THE STRUCTURE, FUNCTION AND MODULATION OF VOLTAGE-GATED CALCIUM CHANNELS
Voltage-gated calcium channels are important therapeutic targets
In nerve, muscle and secretory cells, voltage-gated calcium channels transduce membrane
electrical signals into cytosolic calcium signals that drive a variety of cellular processes, including neuroransmitter
release, muscle contraction and gene expression. Calcium channels trigger these processes by opening in
response to electrical stimulation, thus allowing calcium ions to flow into the cell where they act as signaling
molecules that are detected by calcium binding proteins.

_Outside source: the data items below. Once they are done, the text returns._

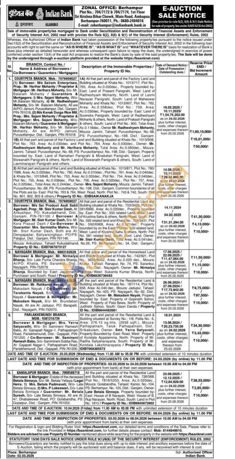 All that piece and parcel of the Homestead Land and Building situated at Khata No.: 742/921, Plot No.: 3822/6052, Area: Ac.0.020 dec., Mouza: Khatia, Tahasil: Ranapur, No. 74, PS: Sarankul, No. 111, Dist.: Nayagarh, Owner- Mr. Nirmalya Bhanja. Bounded by- East: Jagannath Pradhan, West: Sukanta Kumar Bhanja, North: Purchaser and South: Road/Property ID No.: IDIB6826739483
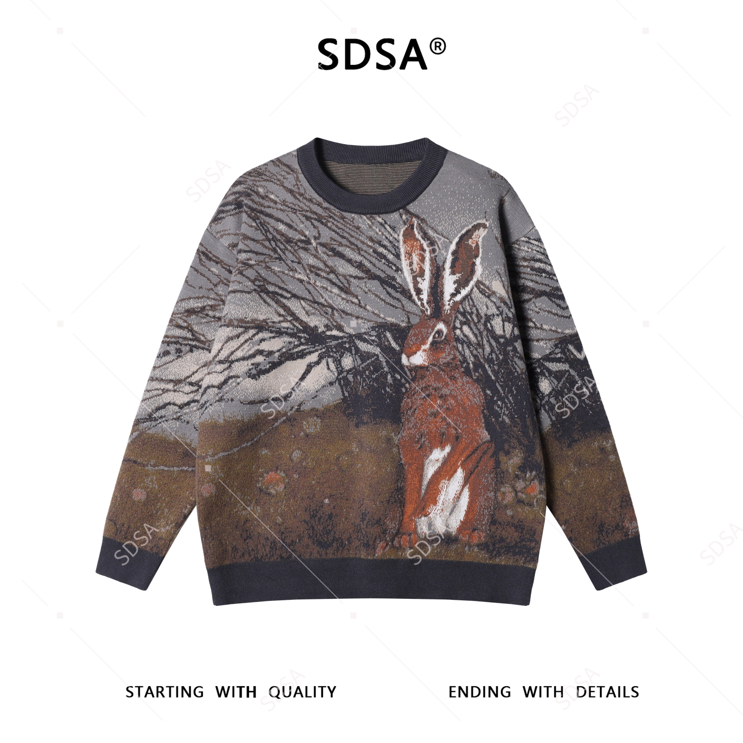 88118SDSA男士秋冬新款痞帅男装简约彩绘卡通兔子圆领毛衣百搭复古上衣
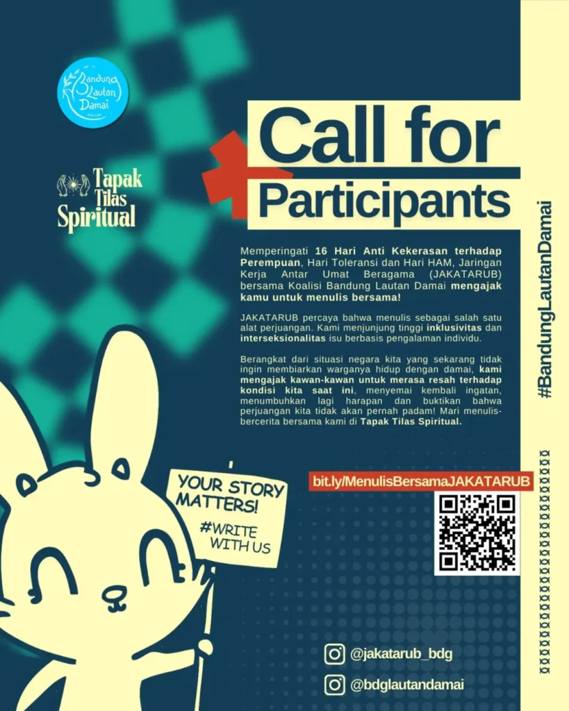 Jaringan Kerja Antar Umat Beragama (JAKATARUB) bersma Koalisi Bandung Lautan Damai sedang memperingati Hari Toleransi, 16 HAKTP dan Hari HAM di Bandung raya! Ikuti beragam inisiatifnya yang bisa dipantau di akun @bdglautandamai

In humans, the dysregulation of calcium channels underlies life-threatening cardiac arrhythmias,
neurological disorders including epilepsy, ataxia and migraine headaches, muscular disorders such as
hypokalemic periodic paralysis and malignant hyperthermia, and congenital stationary night blindness. We are
using a broad combination of approaches to develop an in-depth understanding of how the structure of the
calcium channel is related to its function, and how these channels are modulated by intracellular signaling
molecules, calium channel blockers, venoms, toxins, and engineered proteins.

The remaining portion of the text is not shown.